Runner beans are one of the most beautiful sites on a vegetable garden in July and August. Climbing high up a wigwag of bean poles with beautiful red and white flowers, runner beans can look stunning. So good in fact that many people choose to grow them simply for decoration.
Grow them too long and you may have beautiful coloured beans, but they can be tough and chewy to eat. The hardest part of growing runner beans can be picking the pods at the right time, when young and tender as flat pods, when they can be topped, tailed, chopped into pieces, and then boiled or steamed.
Runner beans are a natural source of vitamins B and C. They also contain fibre and iron.
- April – June
- Planting depth: 5 cm
- Planting spacing: 25 cm between plants, 50 cm between rows
- July – October
- Eat fresh, or blanch and freeze
Runner beans originate from the mountains of Central America. They love heat and moisture, but above all else, they really loathe the cold, whether it comes from low air temperatures or from chilling winds. There is no need to take a gamble with runner beans. The best time to sow is when warm weather arrives to stay in May or June. Many a time on the allotment I have seen runner beans planted out in late April or early May, only to see one night’s low temperature kill the lot.
Runner beans like a loose soil, as their roots dive down deeply to search for nutrients and water. They will grow best in a rich soil full of well rotted compost or manure, although in my experience they have always grown well wherever I have put them. It is recommended to prepare your runner bean bed the autumn before, digging a deep trench and mixing in rich compost.
Runner beans germinate easily and reliably. If sowing direct into the soil, plant two per bean pole and pinch out the weakest if both germinate. It is worth keeping a few pot germinated plants in reserve. Snails love runner beans, and you may find that you plant several replacements before the seedlings mature sufficiently to escape this threat.
My preferred way of growing runner beans is to create an A frame around two rows of bean poles 50 cm apart, with the poles spaced 30 cm apart. The beans may need a little encouragement to find the poles, and I loosely tie the young plants to the poles using twine. Once they have found the poles there is no stopping them!
Runner beans are a naturally vigorous plant and in hot weather they will grow very quickly – provided their roots never dry out. It is best to avoid over watering when the plants are young as this may encourage them to become ‘bushy’ with too many leaves. As soon as you can see flowers, it is the ideal time to start to water copiously.
Applying a thick mulch after watering will help conserve water in the soil and help suppress weeds. Runner beans grow in the height and heat of summer, a time of year when the keen allotmenter would prefer not to have to work too hard! Runner beans set beautiful flowers, and taking the time out to appreciate them can be a real treat.
When the plants have reached the top of their support, pinch out the growing tips. Left unchecked, a runner bean plant can easily grow to 2.5 metres in height, so diverting the energy into flowers and pod development will help boost the harvest.

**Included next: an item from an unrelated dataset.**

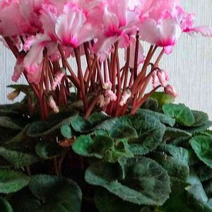 1/ 18 雪ではない冷たい雨の土曜日 シクラメン 葉っぱの数だけ花が咲く…と。 🌿葉っぱ 凄くもっさもさ⤴️ 花もびっちり どっしり 重たい シクラメン

The pods are best picked young, before they develop ‘stringiness’. The faster you cook them after picking, the more of the natural sugars you will enjoy. Otherwise these sugars will turn to starch. If you have a glut of beans, it is worth picking them young and freezing them (or giving them to appreciative friends and family) rather than letting them harden and mature on the bush.
There is a wide choice of runner beans, with variations in length of pod, bean colour, and flower colour. Dwarf varieties are useful in exposed sites exposed to strong winds.
Look out for stringless varieties, and check estimated growing time to harvest.